Le début de la puberté, notamment la production de GnRH, implique une régulation épigénétique complexe : un réseau de gènes contrôle la transcription de gènes particuliers et la production des protéines (Sergio Ojeda, Oregon Health Sciences University, Beaverton, USA; Vincent Prévot, Inserm U837, Université de Lille 2, France). Les processus développementaux clés sont initiés et maintenus par des activateurs mais dominés par des répresseurs et des répresseurs de répresseurs : certains de ces gènes régulateurs sont identifiés et leurs actions décrites (Ojeda). La production de GnRH par les neurones de l'hypothalamus est adaptée aux différents stades de la puberté chez les souris par des groupes spécifiques de micro-ARN - un type spécial de molécule de régulation - présents dans ces neurones (Prévot). D'autres informations émergent également concernant les mécanismes cellulaires sous-jacents aux modifications pubertaires dans le cerveau. Chez les souris, la GnRH semble réguler la migration et la connectivité prénatales des neurones produisant la GnRH dans l'hypothalamus (Prévot), alors que chez les rats en période de puberté, la GnRH modifie la production de nouveaux neurones et de cellules gliales de support dans certains noyaux du cerveau impliqués dans la reproduction (Sisk).

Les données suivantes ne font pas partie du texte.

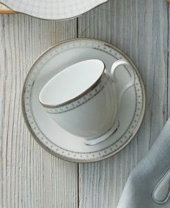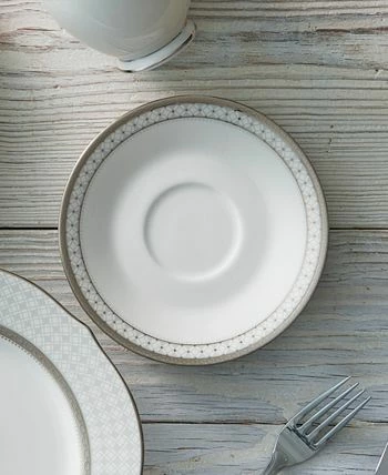 Rochester platinum features a circular grid, paired with platinum-on-platinum embossing, white embossing, and mica accents, all on classic white porcelain.
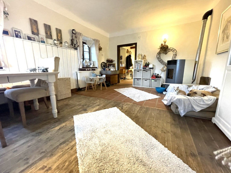 Das wunderschöne Landhaus besteht aus 4 Schlafzimmern, 2 Badezimmern, 3 Toiletten - wobei eine Toilette über eine weitere Dusche verfügt. Herz des Hauses ist der wunderschöne Wohnsalon mit altem Holzofen. Das gemütliche Esszimmer schließt direkt an die Küche an und verfügt über eine praktische Pelletheizung. Die Küche im Landhausstil, ist mit modernen Geräten ausgestattet und bietet viel Platz um für Ihre Lieben zu kochen. Im Haus gibt es 4 Möglichkeiten eine Ofen anzuschließen, wobei aktuell 2 angeschlossen sind. Im Esszimmer gibt es einen Pelletofen und im Wohnzimmer einen antiken Holzofen. Weiters bietet das Haus eine gemütliche Einliegerwohnung, die sowohl durch einen separaten Hauseingang sowie durch das Haus zu betreten ist. Im Innbereich des Hauses ist ein authentischer toskanischer Terrakotta Boden verlegt, dieser verleiht einen ganz besonderen Urlaubsflair. Die Bäder und Toiletten sind modern saniert und es gibt einen großzügigen Abstellraum mit Waschküche.
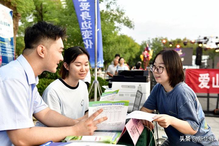 2025年8月25日,在山东省滨州市惠民县孙武广场,人社局的工作人员向市民介绍社保证明查询相关服务。新华社记者 郭绪雷 摄
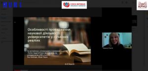 Кандидат філософських наук, доцент Маріанна Петрівна Плахтій в межах проєкту підготувала для учасників онлайн-зустрічі доповідь на тему «Особливості провадження наукової діяльності університетів у сучасних реаліях». Маріанна Петрівна охарактеризувала складники провадження наукової діяльності у ЗВО: візія МОН¸ візія університету, візія науково-педагогічного працівника; описала новації фінансування вищої освіти за формулою в Україні та провела порівняльний аналіз розподілу коштів в Університеті Масарика.
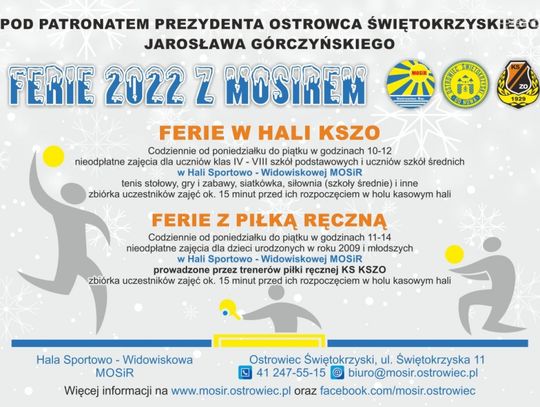 Codziennie od poniedziałku do piątku w godzinach 10-12 w Hali Sportowo – Widowiskowej przy ul. Świętokrzyskiej 11 odbywać się będą nieodpłatne zajęcia z piłki ręcznej dla dzieci urodzonych w 2009 roku i młodszych. Zajęcia prowadzić będą trenerzy sekcji piłki ręcznej KS KSZO. Zbiórka uczestników zajęć około 15 minut przed ich rozpoczęciem w holu kasowym hali.
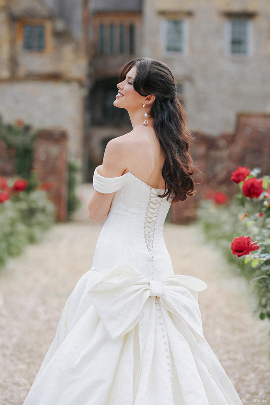 Completing the look, a soft yet structured organza bow drapes elegantly at the back — a whimsical flourish that mirrors Snow White’s joyful spirit. The bow, sold separately as Style D467B, adds a magical finishing touch to this fairytale design, celebrating the beauty of kindness, courage, and love everlasting.
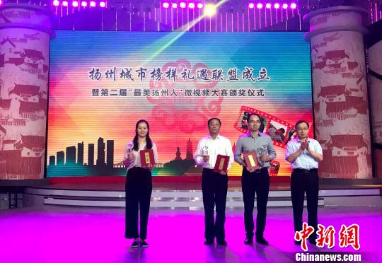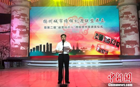 中新网扬州9月18日电 (记者 崔佳明)18日,江苏扬州举行“城市榜样礼遇联盟”成立仪式暨第二届“最美扬州人”微视频大赛颁奖典礼。扬州市委常委、宣传部部长姜龙现场向城市榜样人物致敬,向首批自发参与礼遇联盟的商家致谢。
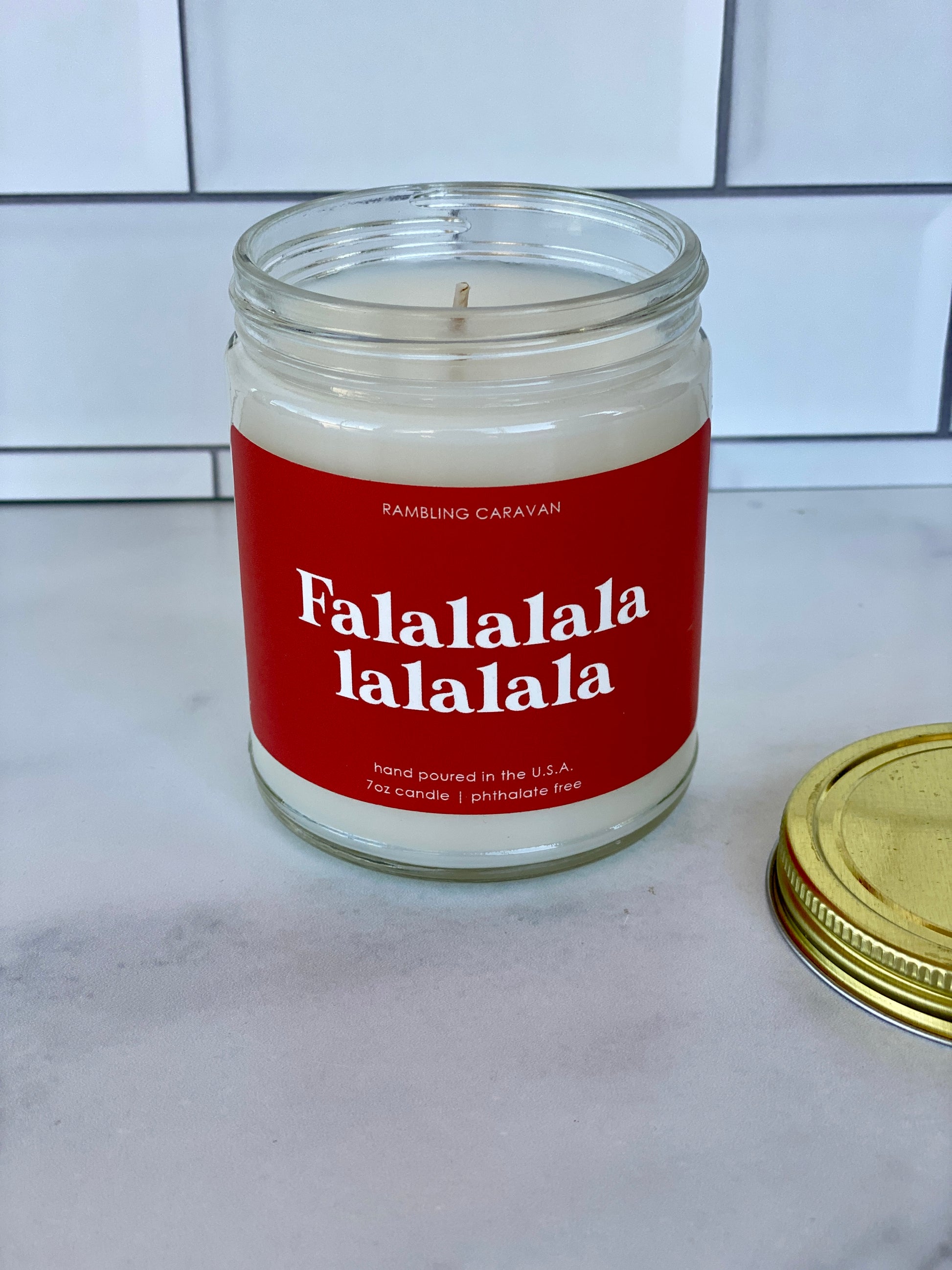 Falalalala-lalalala Candle - Rambling Caravan candles are inspired by home, travel and adventure. Made from a soy/coconut based wax blend, the candles are hand poured in Virginia Beach, Virginia. We use phthalate free fragrances and have an assortment of fragrances from which to choose. Many of our candles have different color labels to choose from as well. We use cotton wicks with no zinc or lead. We do not use additives, nor scent enhancers or UV blockers. The burn time is approximately 50 hours.

Chez les jeunes hommes souffrant de maladies génétiques rares chez lesquels la voie de la GnRH est insuffisante et les hormones sexuelles ne sont pas produites (hypogonadisme hypogonadotrope congénital et syndrome de Kallmann), les testicules ne se développent pas et la puberté ne commence pas. Un programme de traitement des patients souffrant de ces pathologies, tenant compte de ses effets sur la personnalité et les interactions sociales a été décrit (Carel et Young).

La Fondation Ipsen

Créée en 1983 sous l'égide de la Fondation de France, la Fondation Ipsen a pour vocation de contribuer au développement et à la diffusion des connaissances scientifiques. Inscrite dans la durée, l'action de la Fondation Ipsen vise à favoriser les interactions entre chercheurs et cliniciens, échanges indispensables en raison de l'extrême spécialisation de ces professions. L'ambition de la Fondation Ipsen est d'initier une réflexion sur les grands enjeux scientifiques des années à venir. La Fondation a développé un important réseau international d'experts scientifiques qu'elle réunit régulièrement dans le cadre de Colloques Médecine et Recherche, consacrés à six grands thèmes: la maladie d'Alzheimer, les neurosciences, la longévité, l'endocrinologie, l'arbre vasculaire et le cancer. Par ailleurs, la Fondation Ipsen a initié, à partir de 2007, plusieurs séries de réunions en partenariat avec le Salk Institute, le Karolinska Institutet, le Massachusetts General Hospital, les Days of Molecular Medicine Global Foundation, ainsi qu'avec les revues Nature, Cell et Science. La Fondation Ipsen a publié plus d'une centaine d'ouvrages et a attribué plus de 250 prix et bourses.